Er war ein unglaublich flinkes Pferd auf Plateauschuhen im Weihnachtsmärchen "Mio, mein Mio". Oder Artusritter Gawan in einer modernen Version von Parzifal. Am Jungen Schauspielhaus hat Christoph Seeger-Zurmühlen außerdem inszeniert — "Aschenputtel" zum Beispiel und "Lilliom". Dann wechselte die Intendanz und der beliebte Darsteller verließ die Bühne — nicht aber die Stadt.
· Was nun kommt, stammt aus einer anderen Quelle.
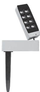
AC037 EARTH SPIKE
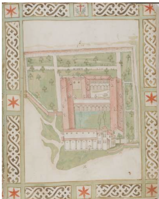
Figure 7: Terrilogo of Monastery of San Ponziano (1564-1573)

Source: A.S.D.Lu. A.A.Lu., Enti Religiosi Soppressi , 2, c. VIr

Christoph Seeger-Zurmühlen hat sich selbstständig gemacht. "Düsseldorf ist ein guter Ort für Theatermacher", sagt er, "es gibt hier noch Nischen für freie Künstler, großartige Spielorte und ein offenes Publikum." Schon während seiner Zeit am Stadttheater hat er eine eigene Theatergruppe gegründet, war mit "Per.Vers" unter anderem beim Altstadtherbst zu erleben. Jetzt steht eine weitere Premiere an: Seeger-Zurmühlen hat mit dem Düsseldorfer Komponisten Bojan Vuletic das neue Sommer-Festival "Asphalt" gegründet und zeigt dort das nächste Stück seines Theaterkollektivs: "Einzelzimmer" nach Monologen von Dea Loher, Esther Gerritsen und Jean Tardieu.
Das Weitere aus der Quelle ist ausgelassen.